TRM cell generation following tissue infection has been studied in both humans and mice, and several factors have been identified that contribute to the induction of TRM cells. In the lungs, it is now generally accepted that tissue microenvironmental niches receptive for TRM cells are generated during and after clearance of viral infection, and TRM cells are spatially compartmentalized and maintained near sites of pathogen entry and accumulation71,72. It may be that longer lived TRM cells specific for respiratory pathogens reside in the oropharyngeal mucosa, which may be an alternative site to target for TRM cells. In another study, TRM cells accumulated at sites of tissue injury and regeneration73. Both observations suggest local tissue regulation of TRM cell maintenance. Antigen processing also contributes to the generation of all T cell memory, including TRM cells. In the case of CD8+ TRM cell generation, classical DC1s have the ability to cross-present antigen to naive CD8+ T cells in lymph nodes, which appears to be critical for antiviral CD8+ TRM cell development46,47,58. Much of what is known about gut TRM cells derives from studies of lymphocytic choriomeningitis (LCMV) infection, which generates effector T cells from splenic naive T cells after intravenous challenge. However, LCMV delivered intraperitoneally enters the mediastinal node74 and leads to the seeding of all lymphoid and non-lymphoid tissues with effector T cells that mature into TRM cells. Do such cells educated in the spleen versus the lymph node differ in their behaviour or homing properties? And do LCMV-specific effector T cells that enter intestinal tissue encounter virally infected cells and perform effector functions, or simply passively differentiate in the gut microenvironment? There may be fundamental differences between the TRM cells that arise in the setting of acute tissue inflammation, TCR activation and immune protection (for example, during infections with influenza A virus (IAV) in the lungs, or with vaccinia virus (VACV) or HSV in the skin) and those that are seeded into non-inflamed tissues by systemic infection (for example, in infection with a non-cytopathic virus such as LCMV in multiple tissues), although there are some clear commonalities.

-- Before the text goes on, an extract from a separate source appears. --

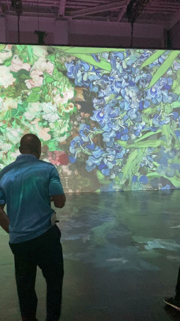 Wow! This exhibit is really phenomenal! As we entered, we were serenaded by the song “Vincent,” which is part of the soundtrack that continues to play as you weave your way through lighted screens featuring artwork and Van Gogh’s bio. They even include snippets of the letters Van Gogh wrote to his brother, Theo. At the end of this portion of the exhibit, you enter the immersive experience, and oh, what an experience! All the walls (and sometimes the floor) in the exhibit hall come alive with Van Gogh’s art. There are portraits, flowers, village landscapes and of course, stars! There are a few benches where guests can sit and watch the scenes change, as some artwork fades and new pictures take their place. Because seating is limited, some people choose to find a comfortable place on the floor while they take in the masterpieces. This really was a uniques experience, and I left with a greater appreciation for Van Gogh as an artist and a man. Please note, this is a limited engagement. Get your tickets while you can!

Vaccines: can they efficiently generate TRM cells?
Above, we have provided an overview of the current understanding of the factors that influence TRM cell generation and their maintenance. In this section we will more specifically concentrate on relevant research related to vaccines and TRM cells, primarily highlighting findings in animal models, as well as the substantial gaps in our knowledge. Naturally acquired infection in peripheral tissues generally elicits a long-lived T cell memory response, including the induction of TRM cells. However, relatively little is known about the generation of TRM cells by vaccines, and the contribution of other tissue-dwelling T cells, including TRM cells, to vaccine-induced protection33,75. Newly available research tools and approaches could be more widely applied to parse out the roles of TRM cells, circulating T cells and antibodies in vaccine-mediated protection against infection. Overall awareness of and interest in TRM cells in vaccine-elicited immunity should be an element of early-stage vaccine research and development efforts. Although there are practical limitations to such research in humans, much can be learned at a fundamental level in small animal and non-human primate models. Finally, we comment below on the factors that may prove important in generating TRM cells, including, first, the route of antigen administration; second, the mode of antigen delivery; and last, the role of vaccine adjuvants.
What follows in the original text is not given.